PART I
Hi all,
I had posted a few weeks back as to how I was having trouble signing data with my Gemalto Cyberflex Access 64k v2 card.
Here is a link to that post:
9652818
I have had to invest considerable time and effort and now I have a better understanding of this problem. It seems to be a problem with this card and , therefore, anyone else using this card, please read and see if it behaves the same way for you.
First things first, this is a JC 2.1.1 card and does not support javacarx.crpto, and therefore I cannot encrypt/decrypt. At best, I can sign data and thats fine as my application ony needs to sign and verify.
I had been discussing with Shane on the above mentioned forum as to how this card signs exactly 20 bytes of data (no less, no more) when running the RSA_SHA1 algorithm.
To figure out more, I decided to code a program to encrypt and decrypt data(signs signing is only encrypting with a private key after hashing, etc). This program was coded entirely in Java and has nothing to do with JC. I initially had a feeling that my keys used on the JC may be wrong and thus made a program in Java to generate private/public keys that work perfectly, ie encrypt decrypt correctly. Now I use one of these keys that are known to work.
So, after generating these keys, I used the exact same keys in JC. I sent a dummy 20 bytes of data to JC for it to sign with the private key. I got the output in an APDU which I copied to my Java program and used the corresponding public key to decrypt this data. Upon decryption, I found the exact data that I had sent to the JC. This of course had been padded according to the specifiction given in ALG_RSA_SHA_PKCS1(http://www.cs.ru.nl/~woj/javacardapi221/javacard/security/Signature.html#init(javacard.security.Key, byte, byte[], short, short)
The main part is that the data was as is - not hashed at all.
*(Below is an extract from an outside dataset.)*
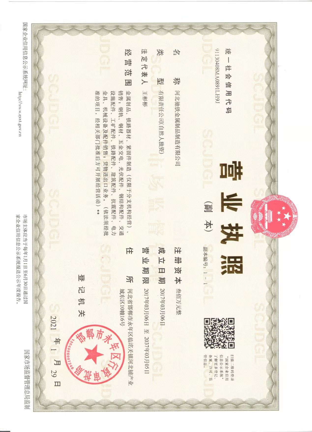 河北馳鐵金屬制品有限公司 地址:河北省邯鄲市永年區(qū)河北省邯鄲市永年區(qū)西段莊村西

And this is why the card complains if you try to pass any data length that is less than or more than 20 bytes - It already expects a SHA1 hash and just pads that and encrypts with the private key. To further test this, I tried the RSA_MD5 algo - and that too only works with a 16 byta data payload - MD5 produces a 16 byte hash value which then the card expects.
In further tests, I checked with more input data (all 20 bytes of course) and each time I could successfully decrypt the output APDU on my JAVA code on my PC.
Futhermore, and this would of course be expected, I encrypted data after the requisite padding on my PC with the JAVA program and the encrypted data is identical to he signed data produced on the JC(SInce the JC essentially pads the data and encrypts it).
Anyone using this card, please let me know if you also can only sign 20 bytes. This is completely not expected if one were to go by the JC 2.1.1 API standard as signing involves hashing before encryption and therefore you can pass variable length data to it.